Bassett v. City Bank & Trust Co.

The Federal Reserve Bank of Boston, herein referred to as the claimant, makes claim to priority in payment over the claims of depositors and general creditors, on behalf of the owners of certain checks and other items sent by it for collection, under the agreement hereinafter mentioned, to the defendant bank, also as to certain other items sent to the Unionville Bank and Trust Company which attempted to remit to the claimant through the defendant. These items were forwarded under letters of transmittal designated in this proceedings as letters X, Y, and Z.

For some years an agreement has been in force between the claimant and the defendant by which the claimant agreed that all items drawn on the defendant which the claimant received should be forwarded to the defendant for collection. The defendant agreed to collect and remit for cash letters on the same day when received, returning dishonored items, and to remit for non-cash items on the day they were collected. The defendant had the option of remitting by a shipment of money, or by acceptable bank drafts drawn on Boston or New York, New York drafts being sent to the Federal Reserve Bank of New York for the claimant's account.

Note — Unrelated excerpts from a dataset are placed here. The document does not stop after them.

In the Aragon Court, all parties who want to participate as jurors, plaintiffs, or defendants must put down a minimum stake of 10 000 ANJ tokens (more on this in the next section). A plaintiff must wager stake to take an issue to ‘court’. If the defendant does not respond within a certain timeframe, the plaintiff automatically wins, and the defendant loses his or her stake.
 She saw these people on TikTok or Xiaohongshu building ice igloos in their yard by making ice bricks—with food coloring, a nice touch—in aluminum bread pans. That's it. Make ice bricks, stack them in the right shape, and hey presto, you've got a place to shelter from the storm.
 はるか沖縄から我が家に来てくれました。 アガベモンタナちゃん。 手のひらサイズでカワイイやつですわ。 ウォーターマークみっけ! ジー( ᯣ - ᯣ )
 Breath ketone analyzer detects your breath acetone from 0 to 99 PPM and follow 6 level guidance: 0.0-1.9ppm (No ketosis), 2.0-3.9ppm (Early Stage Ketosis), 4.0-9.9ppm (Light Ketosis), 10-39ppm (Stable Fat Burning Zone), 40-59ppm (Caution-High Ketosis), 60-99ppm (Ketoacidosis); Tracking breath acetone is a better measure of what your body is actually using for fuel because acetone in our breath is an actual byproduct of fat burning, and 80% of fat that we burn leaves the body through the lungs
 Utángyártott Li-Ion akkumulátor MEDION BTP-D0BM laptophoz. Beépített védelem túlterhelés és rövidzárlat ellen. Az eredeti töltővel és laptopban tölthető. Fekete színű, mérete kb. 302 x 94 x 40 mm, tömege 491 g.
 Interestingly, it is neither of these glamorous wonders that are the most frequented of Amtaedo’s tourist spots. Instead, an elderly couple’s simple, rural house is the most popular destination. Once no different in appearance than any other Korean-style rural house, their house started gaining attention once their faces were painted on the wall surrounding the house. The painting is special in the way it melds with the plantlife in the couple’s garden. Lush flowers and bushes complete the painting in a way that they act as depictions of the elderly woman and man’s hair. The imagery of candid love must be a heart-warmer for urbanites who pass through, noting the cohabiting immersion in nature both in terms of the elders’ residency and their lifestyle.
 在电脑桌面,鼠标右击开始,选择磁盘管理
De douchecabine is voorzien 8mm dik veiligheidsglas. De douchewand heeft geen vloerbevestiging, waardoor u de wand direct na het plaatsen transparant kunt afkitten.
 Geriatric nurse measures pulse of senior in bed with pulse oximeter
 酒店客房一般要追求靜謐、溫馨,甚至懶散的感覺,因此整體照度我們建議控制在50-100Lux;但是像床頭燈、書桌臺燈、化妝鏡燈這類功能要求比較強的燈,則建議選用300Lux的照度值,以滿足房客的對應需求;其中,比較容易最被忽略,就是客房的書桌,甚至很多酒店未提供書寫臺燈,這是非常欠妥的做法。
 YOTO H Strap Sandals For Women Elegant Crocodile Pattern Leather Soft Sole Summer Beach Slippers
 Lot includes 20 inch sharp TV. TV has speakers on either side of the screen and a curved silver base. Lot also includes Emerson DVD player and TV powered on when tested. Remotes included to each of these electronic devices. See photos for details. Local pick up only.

The items transmitted in letter "X" consisted of checks drawn on the defendant which had been sent *Page 13 to the claimant by member banks or other Federal Reserve Banks for collection. The defendant collected the checks (except some returned unpaid and not in issue) by charging the deposit accounts of the respective drawers and marking the items "paid," and on the same day forwarded its remittance draft for the amount of the items collected, drawn on a New York bank, to the Federal Reserve Bank of New York for account of the claimant. The item sent under letter "Z" was a "non-cash" item payable at defendant bank and was collected by charging a depositor's account there; the remittance draft was drawn on a Boston bank and forwarded direct to the claimant. Letter "Y" was sent to the Unionville Bank and contained checks drawn on that bank which it collected by charging the drawers' accounts, and the defendant, in accordance with instructions from the Unionville Bank, sent its (the defendant's) remittance draft to the claimant for the amount, charging the Unionville Bank's account.

In all three cases the remittance drafts were dishonored on presentation, although drawn against sufficient funds, because the drawee had received notice of the prior suspension of the defendant's business.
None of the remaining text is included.